What are the Risks, complications, and adverse events?

All surgical procedures have risks. When you decide on a procedure, you should know what the risks are. Discuss with your surgeon in detail about all the risks and complications that might arise before you make a decision.

What are the general risks?

OBESITY SURGERY includes the same risks that come with all major surgeries. There are also added risks in any operation for patients who are seriously overweight. You should know that death is one of the risks. Your age can increase your risk from surgery. So can excess weight. Certain diseases, whether they were caused by obesity or not, can increase your risk from surgery. There are also risks that come with the medications and the methods used in the surgical procedure. You also have risks that come from how your body responds to any foreign object implanted in it.


Rapid weight loss may lead to symptoms of: Malnutrition & Anaemia,gallstones. It is important you stick to a high protein, low fat and low carbohydrate diet. Anti-inflammatory drugs that may irritate the stomach, such as aspirin and NSAIDs, should be used with caution. Vitamin, iron & calcium supplements may be required.


What are the specific risks/complications of Laparoscopic surgery

• Perforation of the stomach or oesophagus during surgery
• Damage to major blood vessels
• Lung problems - much less because of less pain and early ambulation
• Thrombosis (blood clots). DVT/Pulmonary embolism – less common than open
• Spleen damage - less common than open
• Inability to do the operation Laparoscopically

If any complications occur, you may need to stay in the hospital longer. You may also need to return to the hospital later. A number of less serious complications can also occur. If you have existing problems, such as diabetes, you may have more complications. You also have more risk of complications if you've had a surgery before in the same area, because of adhesions.

 

RISKS FROM GASTRIC BANDING

Nausea and vomiting, gastroesophageal reflux (regurgitation), band slippage/pouch dilatation and stoma obstruction (stomach-band outlet blockage) are the most common post-operative complications.


Is there a chance the band will need to be removed?

The GASTRIC BAND is a long-term implant, but it may have to be removed or replaced at any time. For instance, the device may need to be removed to manage any adverse reactions you might have. The device may also need to be removed, repositioned or replaced if you aren't losing as much weight as you and your doctor feel you should be losing.
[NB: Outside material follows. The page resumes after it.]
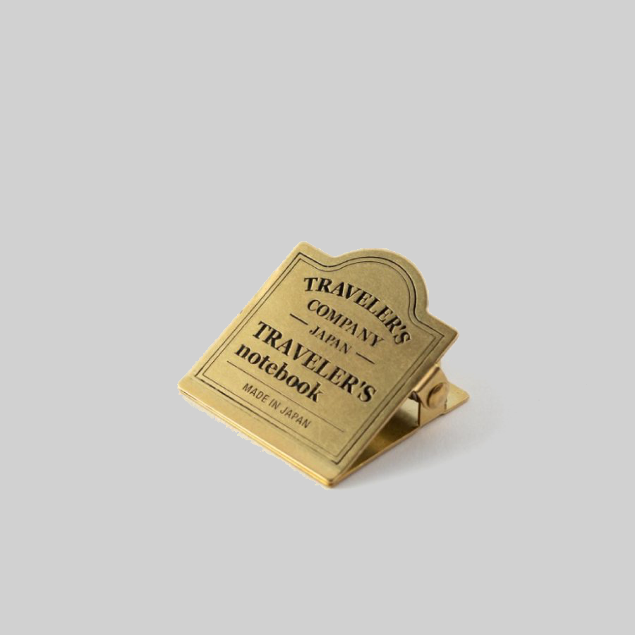 This brass clip will keep your Traveler’s notebook open and flat. Made in a factory in the old downtown area of Tokyo, this clip’s materials, size, design and spring strength are especially created for use with Traveler’s notebook. When taking it on the go, attach it to the leather cover or a refill so it’s ready to use when you want to write or take a picture. There’s also a hole in the back that you can use to hang it on a wall and use your notebook for decoration.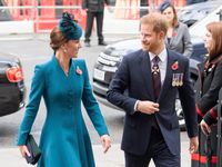 戦没者を悼み敬意を表するポピーの花を胸に飾ったワンピースは、久しぶりにおニューのもの。緑とブルーのシンプルなコーデには絶賛の声が寄せられているが、なによりもロイヤルファミリーファンを喜ばせたのは、キャサリン妃とヘンリー王子の2ショットだ。

Possible Late Gastric Banding Complications:

• The band can spontaneously deflate because of leakage. That leakage can come from the band, the reservoir, or the tubing.
• The band can slip. Stomach may come through it. The stomach pouch can enlarge. The pouch could become gangrenous and perforate resulting in peritonitis. Band may have to be removed, repositioned or removed and converted to bypass/sleeve gastrectomy/DS
• Ulceration/The band can erode into the stomach. Remove Band
• Gastritis (irritation of stomach). May need antacids/PPIs
• Heartburn/ gastroesophageal reflux (regurgitation)
• Dysphagia (difficulty in swallowing). Band may have to be deflated.
• Dehydration due to vomiting. Band may have to be deflated
• Constipation due to the altered food and low fluid intake.
• Weight regain due to going back to old habits or becoming sweet eater or band is loose.
• Nutritional deficiencies if not taking a balanced diet.

Pouch dilatation/band slippage requires the band to be unlocked with or without repositioning or removed with/without conversion to gastric bypass. Sometimes band erode into the stomach. These bands needed to be removed. An additional procedure may be required to fix a leaking or twisted access port: this is usually a small procedure involving a cut over the port site.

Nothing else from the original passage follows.